Information ->

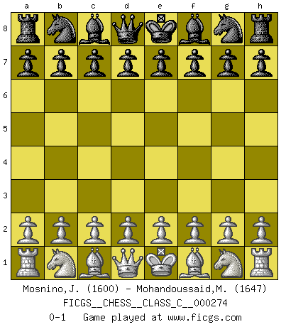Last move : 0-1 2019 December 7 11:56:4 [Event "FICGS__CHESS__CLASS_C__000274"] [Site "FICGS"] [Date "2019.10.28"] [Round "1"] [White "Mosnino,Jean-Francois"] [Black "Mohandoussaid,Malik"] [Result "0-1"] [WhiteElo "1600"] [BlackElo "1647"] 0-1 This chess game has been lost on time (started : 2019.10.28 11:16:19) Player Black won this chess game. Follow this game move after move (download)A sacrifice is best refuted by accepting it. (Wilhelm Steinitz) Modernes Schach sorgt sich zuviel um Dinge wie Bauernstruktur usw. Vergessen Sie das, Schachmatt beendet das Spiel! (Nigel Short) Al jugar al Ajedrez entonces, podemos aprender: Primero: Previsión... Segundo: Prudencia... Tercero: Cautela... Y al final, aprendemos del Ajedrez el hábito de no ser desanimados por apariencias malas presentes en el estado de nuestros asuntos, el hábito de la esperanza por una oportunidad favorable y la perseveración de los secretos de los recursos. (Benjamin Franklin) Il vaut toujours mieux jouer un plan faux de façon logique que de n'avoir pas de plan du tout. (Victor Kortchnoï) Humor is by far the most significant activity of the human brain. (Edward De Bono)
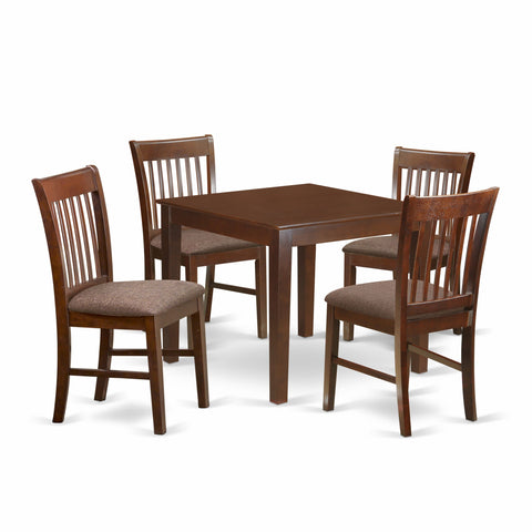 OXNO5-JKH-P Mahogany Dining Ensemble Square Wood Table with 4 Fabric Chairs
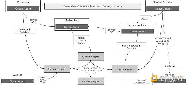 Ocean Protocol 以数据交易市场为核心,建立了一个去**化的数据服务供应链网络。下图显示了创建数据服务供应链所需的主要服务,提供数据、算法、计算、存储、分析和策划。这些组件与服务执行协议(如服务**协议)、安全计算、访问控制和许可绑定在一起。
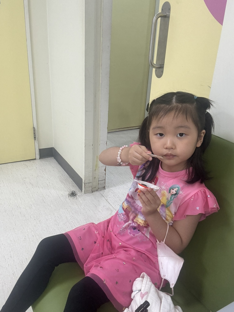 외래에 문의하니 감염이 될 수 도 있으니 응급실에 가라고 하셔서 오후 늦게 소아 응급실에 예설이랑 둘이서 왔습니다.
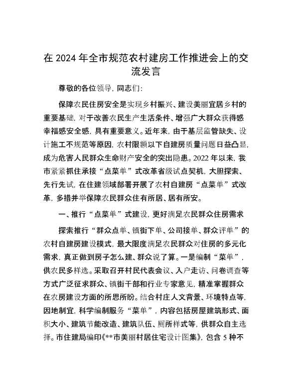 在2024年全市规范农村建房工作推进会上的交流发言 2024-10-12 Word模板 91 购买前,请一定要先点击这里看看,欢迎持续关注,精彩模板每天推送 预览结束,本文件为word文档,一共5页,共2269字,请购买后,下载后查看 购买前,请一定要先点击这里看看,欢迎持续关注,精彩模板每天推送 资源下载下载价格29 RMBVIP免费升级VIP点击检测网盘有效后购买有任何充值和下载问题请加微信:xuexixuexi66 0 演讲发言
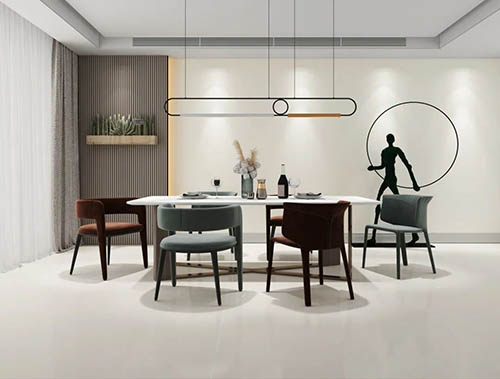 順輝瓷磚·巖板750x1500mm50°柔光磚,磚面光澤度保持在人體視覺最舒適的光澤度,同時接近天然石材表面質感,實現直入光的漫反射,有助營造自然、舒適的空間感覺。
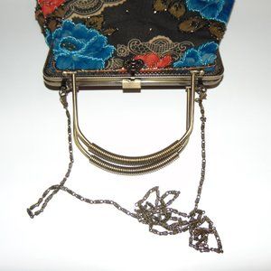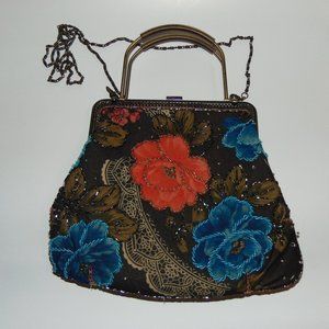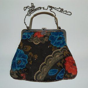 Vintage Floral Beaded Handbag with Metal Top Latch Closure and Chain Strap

Your objective -> The listing is to be repeated exactly, with its pictures removed.

Answer to the problem ->
Last move : 0-1 2019 December 7 11:56:4 [Event "FICGS__CHESS__CLASS_C__000274"] [Site "FICGS"] [Date "2019.10.28"] [Round "1"] [White "Mosnino,Jean-Francois"] [Black "Mohandoussaid,Malik"] [Result "0-1"] [WhiteElo "1600"] [BlackElo "1647"] 0-1 This chess game has been lost on time (started : 2019.10.28 11:16:19) Player Black won this chess game. Follow this game move after move (download)A sacrifice is best refuted by accepting it. (Wilhelm Steinitz) Modernes Schach sorgt sich zuviel um Dinge wie Bauernstruktur usw. Vergessen Sie das, Schachmatt beendet das Spiel! (Nigel Short) Al jugar al Ajedrez entonces, podemos aprender: Primero: Previsión... Segundo: Prudencia... Tercero: Cautela... Y al final, aprendemos del Ajedrez el hábito de no ser desanimados por apariencias malas presentes en el estado de nuestros asuntos, el hábito de la esperanza por una oportunidad favorable y la perseveración de los secretos de los recursos. (Benjamin Franklin) Il vaut toujours mieux jouer un plan faux de façon logique que de n'avoir pas de plan du tout. (Victor Kortchnoï) Humor is by far the most significant activity of the human brain. (Edward De Bono)
 OXNO5-JKH-P Mahogany Dining Ensemble Square Wood Table with 4 Fabric Chairs
 Ocean Protocol 以数据交易市场为核心,建立了一个去**化的数据服务供应链网络。下图显示了创建数据服务供应链所需的主要服务,提供数据、算法、计算、存储、分析和策划。这些组件与服务执行协议(如服务**协议)、安全计算、访问控制和许可绑定在一起。
 외래에 문의하니 감염이 될 수 도 있으니 응급실에 가라고 하셔서 오후 늦게 소아 응급실에 예설이랑 둘이서 왔습니다.
 在2024年全市规范农村建房工作推进会上的交流发言 2024-10-12 Word模板 91 购买前,请一定要先点击这里看看,欢迎持续关注,精彩模板每天推送 预览结束,本文件为word文档,一共5页,共2269字,请购买后,下载后查看 购买前,请一定要先点击这里看看,欢迎持续关注,精彩模板每天推送 资源下载下载价格29 RMBVIP免费升级VIP点击检测网盘有效后购买有任何充值和下载问题请加微信:xuexixuexi66 0 演讲发言
 順輝瓷磚·巖板750x1500mm50°柔光磚,磚面光澤度保持在人體視覺最舒適的光澤度,同時接近天然石材表面質感,實現直入光的漫反射,有助營造自然、舒適的空間感覺。
 Vintage Floral Beaded Handbag with Metal Top Latch Closure and Chain Strap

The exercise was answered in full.